Step 5 - Merge consensus:

python 1_consensus_labeling/merge/merge_consensus.py \
  --input ./reassigned/ \
  --output ./consensus/ \
  --sample my_dataset \
  --dataset my_dataset

Outputs: cells where >=2, >=3, or all 4 tools agree (use >=3 for high-confidence labels).

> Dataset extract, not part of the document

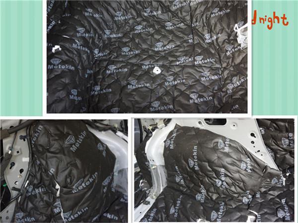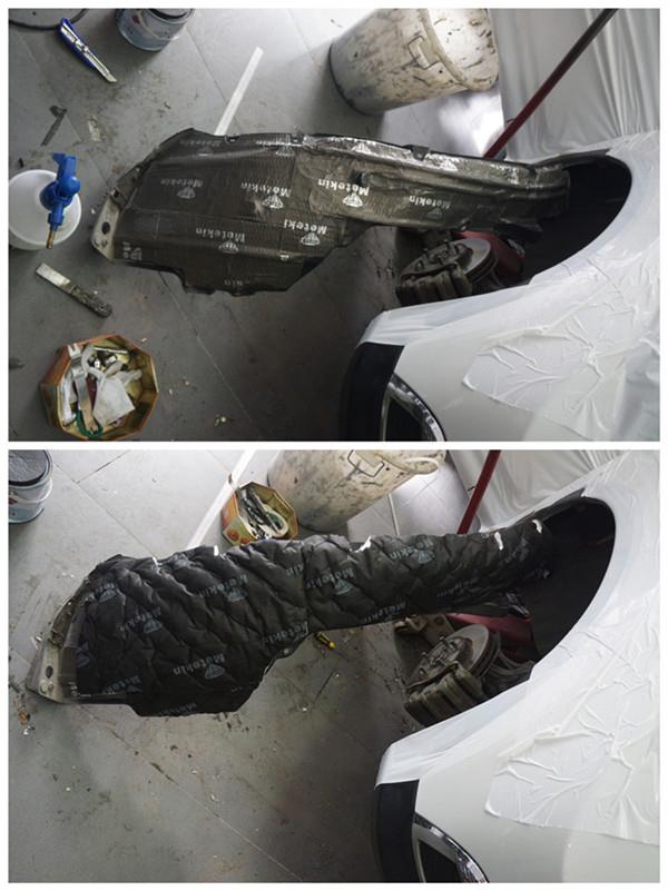 轮胎与路面及碎石与钣金件所生成的摩擦及撞击杂音通过前后轮弧及翼子板的震动很轻松的就传入到驾驶舱。这些部位减震吸音施工后对降低因路面与避震器所引起的噪音,效果是很明显的。翼子板为美特静减震板+美特静吸音棉,双重隔音效果更出色。

See 1_consensus_labeling/WORKFLOW_MOUSE_HUMAN.md for the complete methodology.


Step 2: Model Training

Purpose: Train DL and TML models using nested cross-validation with Optuna hyperparameter optimization.

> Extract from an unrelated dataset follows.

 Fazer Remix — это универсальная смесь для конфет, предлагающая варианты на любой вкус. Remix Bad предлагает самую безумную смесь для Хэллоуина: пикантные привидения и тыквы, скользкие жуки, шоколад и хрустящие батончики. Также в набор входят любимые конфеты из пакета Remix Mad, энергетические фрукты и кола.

On HPC (recommended): Use the generic SLURM scripts in I_actually_run_to_train/:

# Train a DL model via SLURM
bash I_actually_run_to_train/train_dl_generic.sh --model simpledense --dataset reh

# Train a TML model via SLURM
bash I_actually_run_to_train/train_tml_generic.sh --model random_forest --dataset reh

Direct CLI (for custom datasets):

# Train SimpleDense (DNN3) on REH data
python 2_model_training/train_deep_learning.py \
  --model simpledense \
  --dataset reh \
  --output models/reh/simpledense/ \
  --trials 50 \
  --cv 5

# Train EnhanceDense (DNN5) on PBMC data
python 2_model_training/train_deep_learning.py \
  --model enhancedense \
  --dataset pbmc \
  --output models/pbmc/enhancedense/ \
  --trials 50 \
  --cv 5

# Train Random Forest on mouse brain data
python 2_model_training/train_traditional_ml.py \
  --model random_forest \
  --dataset mouse_brain \
  --output models/mouse_brain/rf/ \
  --trials 50 \
  --cv 5

# Train with your own CSV (--data overrides --dataset)
python 2_model_training/train_deep_learning.py \
  --model simpledense \
  --data /path/to/your_training_data.csv \
  --output models/custom/ \
  --trials 50 \
  --cv 5

Training data CSV format:

cell_id,phase_label,gene1,gene2,gene3,...
CELL_001,G1,2.5,3.1,0.8,...
CELL_002,S,1.2,4.5,2.1,...
CELL_003,G2M,3.4,1.9,5.2,...
  • First column: cell ID
  • Second column: phase label (G1, S, or G2M)
  • Remaining columns: log-normalized gene expression values

Available DL models:

Argument Model Architecture
simpledense DNN3 (SimpleDense) Dense 128->64->3
deepdense DNN4 (DeepDense) Dense 256->128->64->3
enhancedense DNN5 (EnhanceDense) Dense 512->256->128->64->3
cnn CNN 1D Conv(32)->Conv(64)->Dense
hybrid Hybrid CNN-Dense Conv + Dense layers
fe Feature Embedding Embedding->Dense

Available TML models:

Argument Model
adaboost AdaBoost
random_forest Random Forest
lgbm LightGBM
ensemble_embedding3tml Ensemble (AdaBoost + RF + LGBM)

Training features:

  • 5-fold nested cross-validation (5-fold outer, 5-fold inner for hyperparameter search)
  • Optuna hyperparameter optimization (50-100 trials per model)
  • SMOTE + random undersampling for class imbalance
  • Focal loss for DL models
  • Outputs: model weights (.pt for DL, .pkl/.joblib for TML), scalers, metrics CSVs

Step 3: Benchmark Evaluation

Purpose: Evaluate trained models on benchmark datasets with ground truth labels.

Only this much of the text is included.